Skimming through the news reports today, I came across this article on CNN.com that criminal defense and criminal appeals attorneys might want to read.
According to the article, the U.S. Department of Justice has recently taken the position that only the Government can decide when Guantanamo detainees should have regular access to their attorneys. At issue is whether a 2008 Supreme Court decision, Boumediene v. Bush, gives federal courts the ultimate power to control habeas petitions from enemy combatants in U.S. military custody. While pro bono lawyers argue that they should have regular access to their imprisoned clients, even if there is no active habeas challenge pending in court, or any pending charges, the Justice Department disagrees.

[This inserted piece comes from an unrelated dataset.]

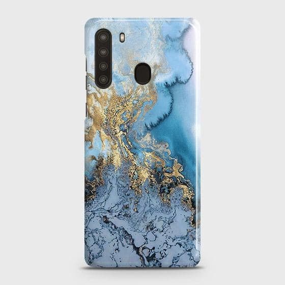 Samsung Galaxy A21 Cover - Trendy Golden & Blue Ocean Marble Printed Hard Case with Life Time Colors Guarantee
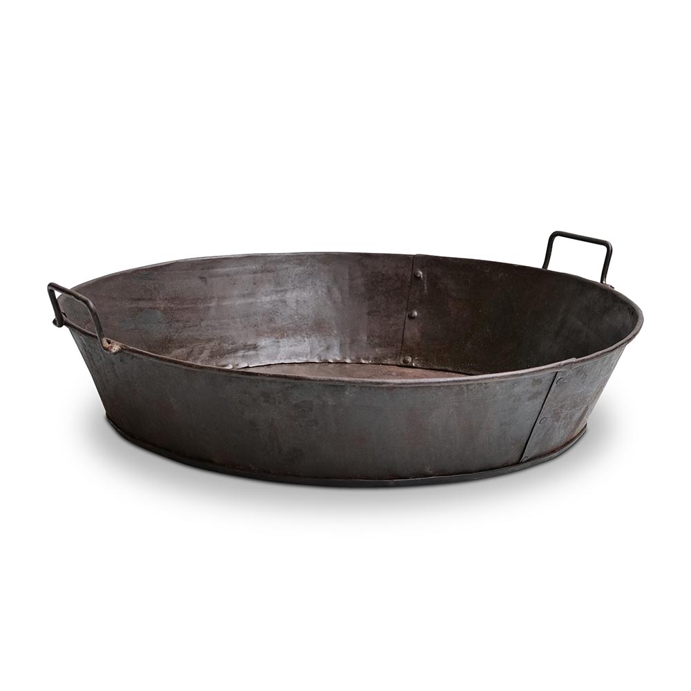 Stattliche Pfanne aus genietetem Eisen.

The Justice Department acknowledges that it has already started restricting when Guantanamo prisoners can challenge their detention in the United States District Court for the District of Columbia. However, the Justice Department has proposed even further changes to the current rules governing attorney access. Under the proposed changes, the Navy base Commander at Guantanamo would have sole veto power over attorney access, as well as access to classified material, including information provided directly by the detainees from interrogations. Some chilling words from the Government’s pleadings:
The dispute thus before the Court, though important, is quite narrow . . .The only question presented is whether detainees who have neither current nor impending habeas petitions are entitled to” challenge continued access to counsel. The answer to that question is ‘no.’
If this language is not scary enough, the Justice Department has argued that although it does not seek to restrict lawyers who have an active legal appeal, the rights of detainees shrink once they have filed their first habeas challenge. According to the report, the military wants lawyers to agree to the new conditions in order to have continued access to their clients and to any classified information the military would deem to release. Wow.
The Judge to whom all the Guantamo cases are assigned, Chief Judge Royce Lamberth of will preside over a hearing on the issue on August 17, 2012.